Getting the rows for a single category
On sheet Extract Cat Only we will choose a category and then get all rows of data regardless of the subcategory.
The formula in each column is slightly different but they follow the same mask. I will be explaining the one in the Subcategory column.
From the inside out there are:
- The =AGGREGATE() function that will be examined in detail.
- In a nutshell, this is an =INDEX() function that looks into the Subcategory column and returns the value on the row that is supplied by the =AGGREGATE(). It sounds confusing but later we will see it is actually simple. (This is like an INDEX/MATCH combo but with =AGGREGATE() instead of =MATCH())
- An =IFERROR() error handler.
The =AGGREGATE() itself
The =AGGREGATE() function is going through the rows in the Expenses table and returns only the ones that match our criteria. The four arguments employed are:
- A — 15 is the code of the =AGGREGATE() function to be used. The =AGGREGATE is like a Swiss knife. It is capable of behaving like many other functions but builds on top of them by adding the parameter in the next bullet. In our case, the code (15) means SMALL, therefore, it will behave like the =SMALL() function.
- B — The option to ignore values lays with this argument. Using 6 means all error values will be ignored. Other options are available as well but in a moment we will see that we need this precise behaviour.
- C — This expression constructs the array from which the n‑th smallest row number will be produced.
- D — The position from the array (that we just built in the previous point) that should be returned (1st, 2nd, 3rd, …). In this case, I have decided to use the value in the dedicated column but you can come up with a more sophisticated approach.
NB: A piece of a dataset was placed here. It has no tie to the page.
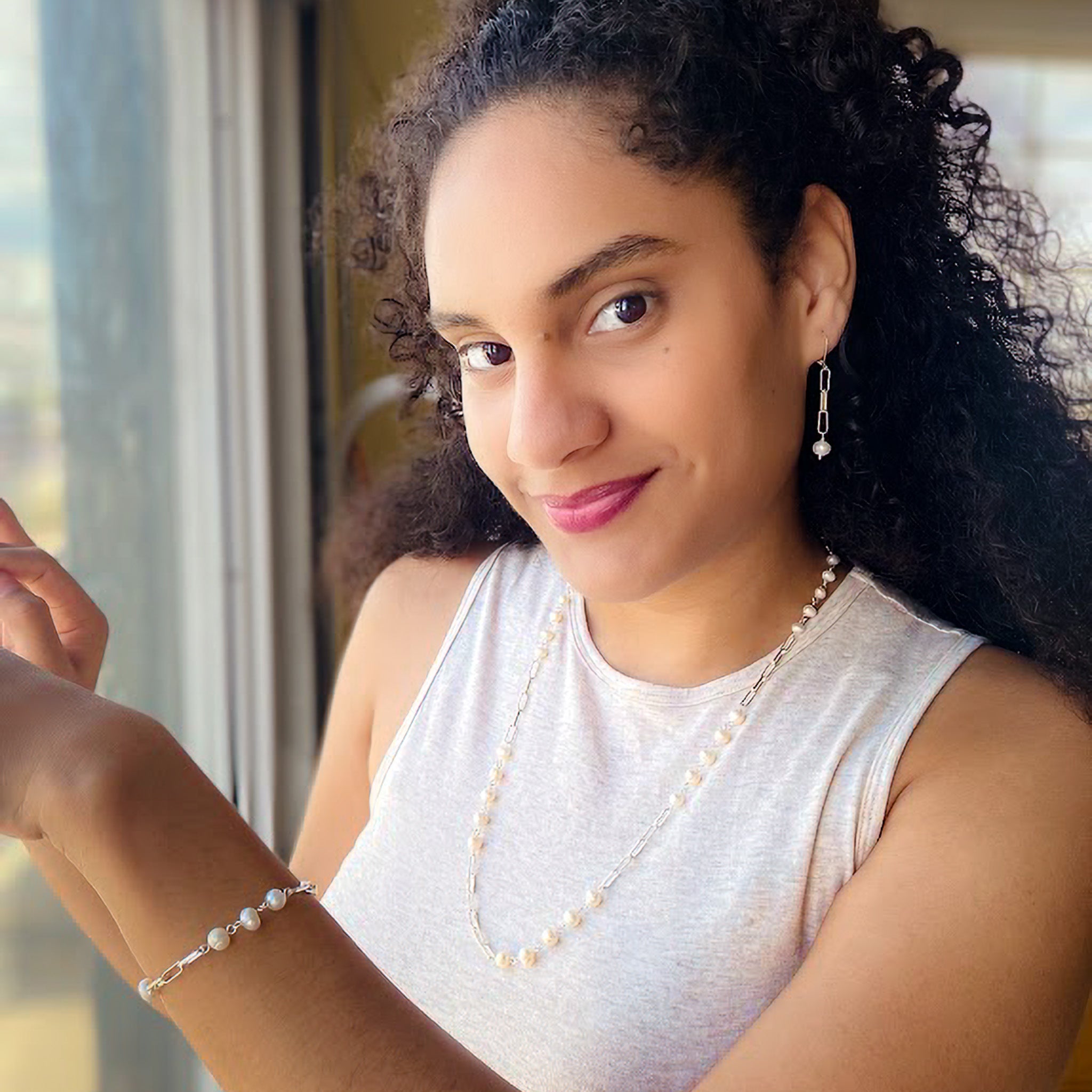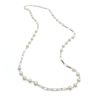 Silver paperclip chain and freshwater pearls pair together in our new 27 inch necklace. Layer it with your favorite Alegria pendants or wear it alone for an easy seasonless staple.

Teaching the function to only match our category criteria
Focusing on the formula in the C section we have:
- First, we take the row numbers of the Date column. This can be any column from the Expenses table and to be honest, I picked this one at random. Nevertheless, it will produce precisely the same result.
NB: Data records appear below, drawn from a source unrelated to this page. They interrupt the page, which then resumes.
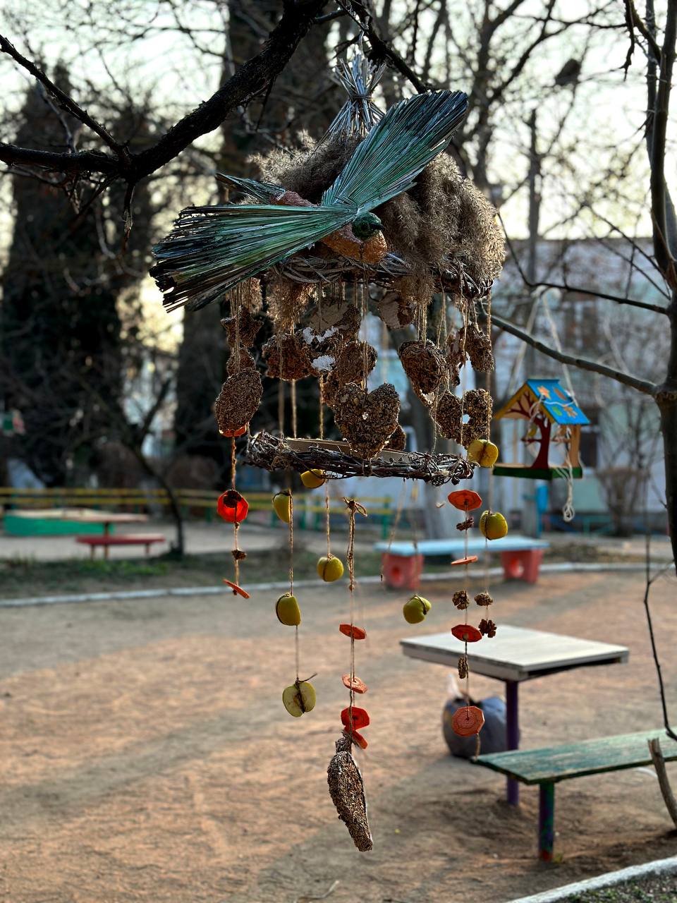 Изготовление работы из экологически чистых кормов для птиц в технике ленд-арт из материалов леса, а также птица - в технике папье-маше. Работа коллективная
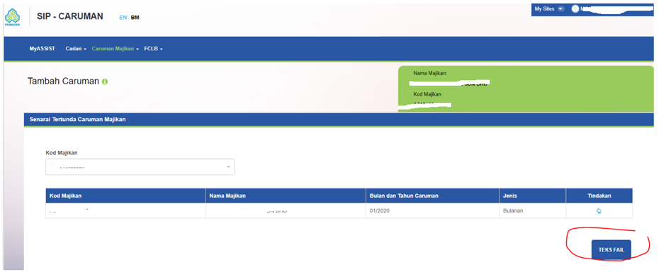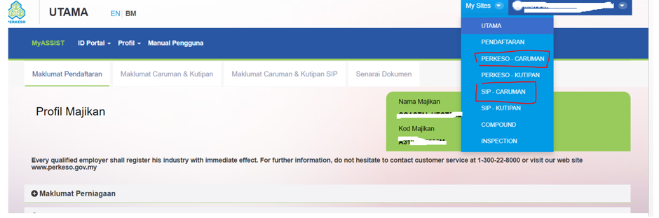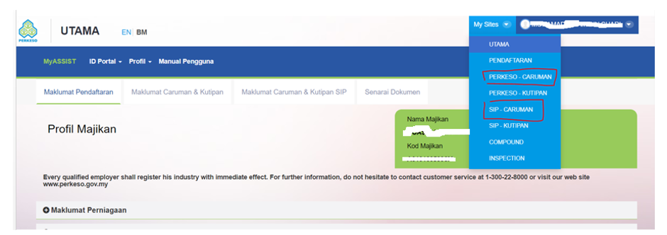- Tekan My Sites, pilih Perkeso - Caruman.
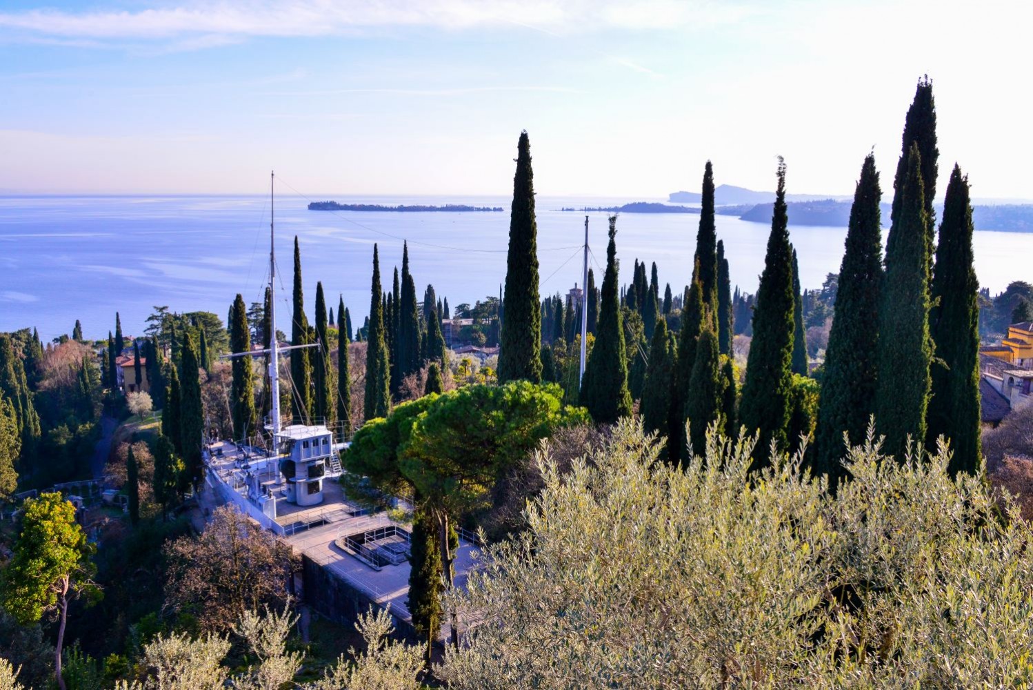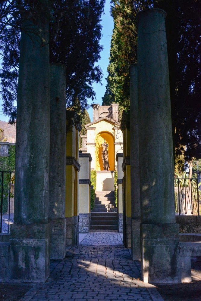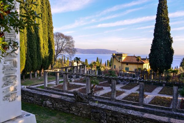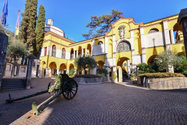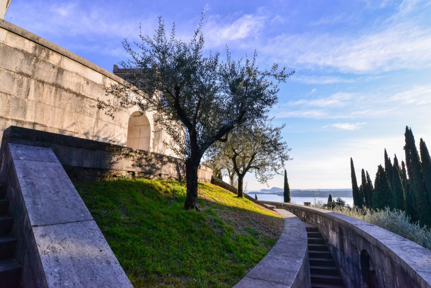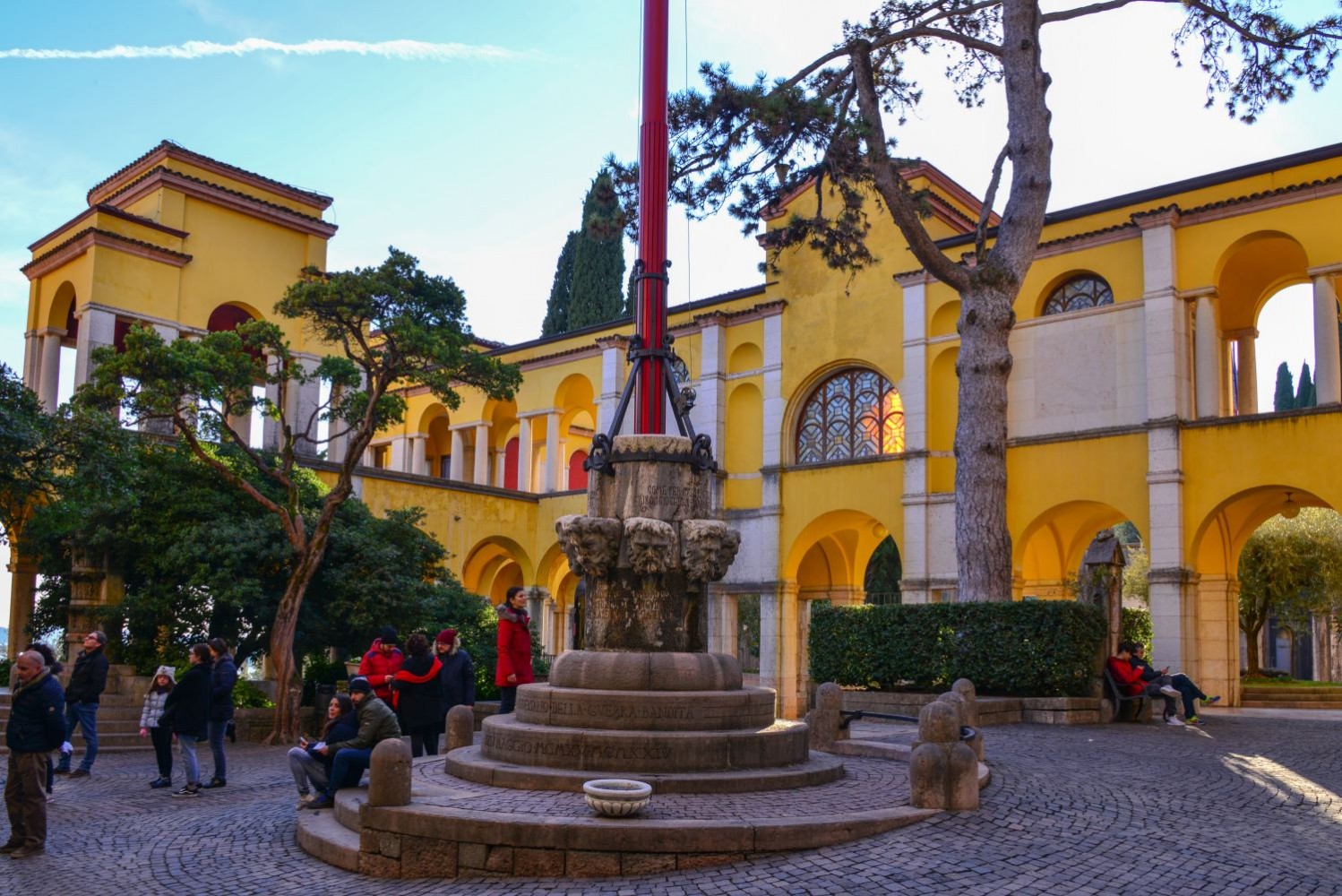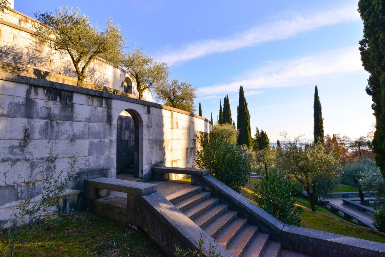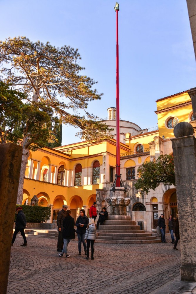 Unweit, genauer gesagt nur einen Ort weiter in Gardone Riviera, gibt es einen versteckten aber interessanten Museumskomplex, den „Vittoriale degli italiani“, deutsch etwa: „Siegerdenkmal der Italiener“ (Foto 1). Er ist der ehemalige Wohnsitz des italienischen Schriftstellers Gabriele D’Annunzio. Dieser ließ das Anwesen ab 1921 gestalten. Heute umfasst das parkähnliche Gelände neun Hektar und besteht aus Gebäuden, einem Freilichttheater, aus Gärten, kleineren Parks, Plätzen und Wasserspielen.

- Then the row number of the table header is subtracted. The result is the position (in the Expenses table) for every row of it (1,2,3,…).
This seems like being over-engineered way to get the sequence but it is the best way to do so without a separate column. The reason is that it works perfectly regardless of the location of the table on the sheet — you can move it 1000 rows down and the resulting numbers will start from 1 and go up nonetheless.
- Then the values in the Category column are tested against the one for which we want to extract rows (indicated by the named range CatOnly_Category_Choice).
The comparison happens for every row of the table. It produces an array of TRUE/FALSE values.
- The row number is divided by the TRUE/FALSE. In Excel division by FALSE is the same as division by zero. Needless to say, this would result in an error.
At this point:
- We have a total of 20 rows of expenses in the table.
- The formula would first generate the numbers from 1–20 to represent them.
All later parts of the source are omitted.